(Recorded data)
:::::
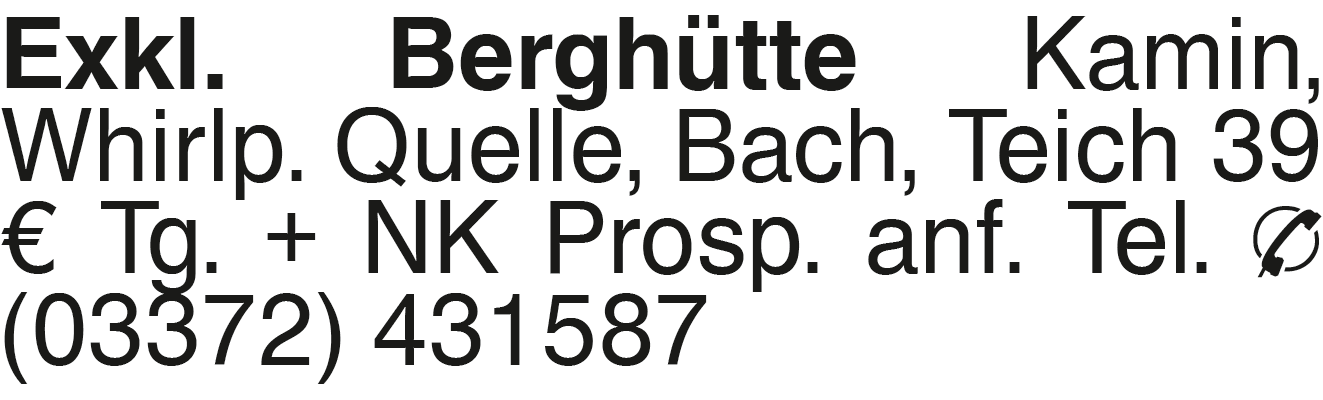 Exkl. Berghütte Kamin, Wh Kamin, Whirlp. Quelle, Bach, Teich 39 EUR Tg. + NK Prosp. anf. Tel. Tel. (03372) 431587Kontakt
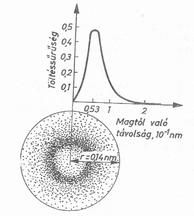 Egy vékony aranyfólián így szóródnak az elektronok. Ez bizony nagyon hasonlít a kis lyukon áthaladó fénykvantumok által keltett diffrakciós képhez. Ennek oka ugyanaz, mint a fényelhajlásé, mivel az elektronokat ugyanúgy eltérítik az aranyatomok nagy nukleonszámú görbült terei, mint a fénykvantumokat is. Itt is atomi terekben haladnak át az elektronok, majdnem ugyanúgy, mint a fényelhajlásnál a fénykvantumok. Ha megnézzük a valószínűségét egy hidrogénatom elektronjának, akkor annak ilyen a valószínűségi szórásképe. Lényegében itt végtelen számú pontot kellett volna az ábrára rajzolni, hiszen ez a valószínűségi ábra csak azt mutatja, hogy hol található leginkább az ominózus elektron. A sűrűbben pontozott térrészben van a leginkább. Az is látszik, hogy ez 0,53 nanométerre van az atom centrumától. Egy nagyon érdekes és nagyon szemléletes ábra, amivel némileg ellentmondani látszik az az ábra, amiben a hidrogénatom elektronkonfigurációit vehetjük szemügyre, ahol bizony igen nagy eltérés látható a hidrogén különböző gerjesztettségi állapotainál. Ez is hidrogénatom és ez is valószínűségi ábrázolás. |
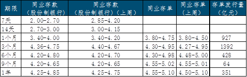 同业存款:本周同业存单发行量继续下行,降至不足3200亿元,发行主要集中在1个月及3个月品种,其中股份制银行1个月存单价格维持在4.00,周中有所上行后回落至4.00,3个月存单价格上行至4.60-4.63,6个月存单价格上行至4.62-4.65。同业存款方面,3个月以上存款价格较上周有所上行。
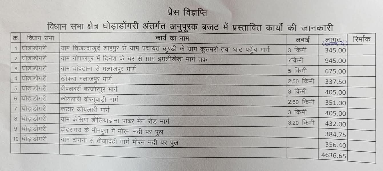 विधायक श्रीमती गंगा बाई उईके के अथक प्रयासों से 8 सड़कों और 2 पुल निर्माण को अनुपूरक बजट में मिली स्वीकृति
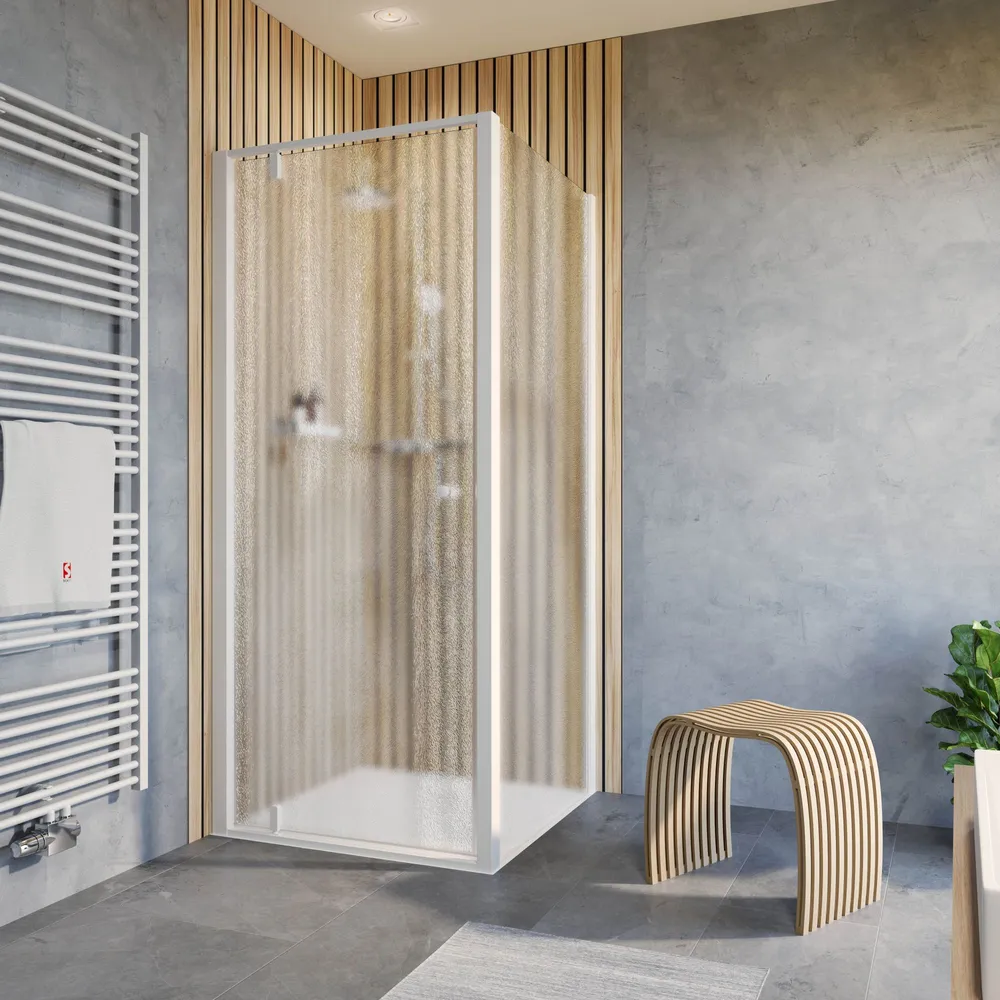 Trend 2.0 - Drehtür inklusive Seitenwand, 900x900 mm, 2000 mm, Mattweiß, Bella
:::::
*The task:* Emit the lines of the data above from the one containing "विधायक श्रीमती गंगा" through its final line, both endpoints included. Pictures do not belong in the output.

*Task answer:*
 विधायक श्रीमती गंगा बाई उईके के अथक प्रयासों से 8 सड़कों और 2 पुल निर्माण को अनुपूरक बजट में मिली स्वीकृति
 Trend 2.0 - Drehtür inklusive Seitenwand, 900x900 mm, 2000 mm, Mattweiß, Bella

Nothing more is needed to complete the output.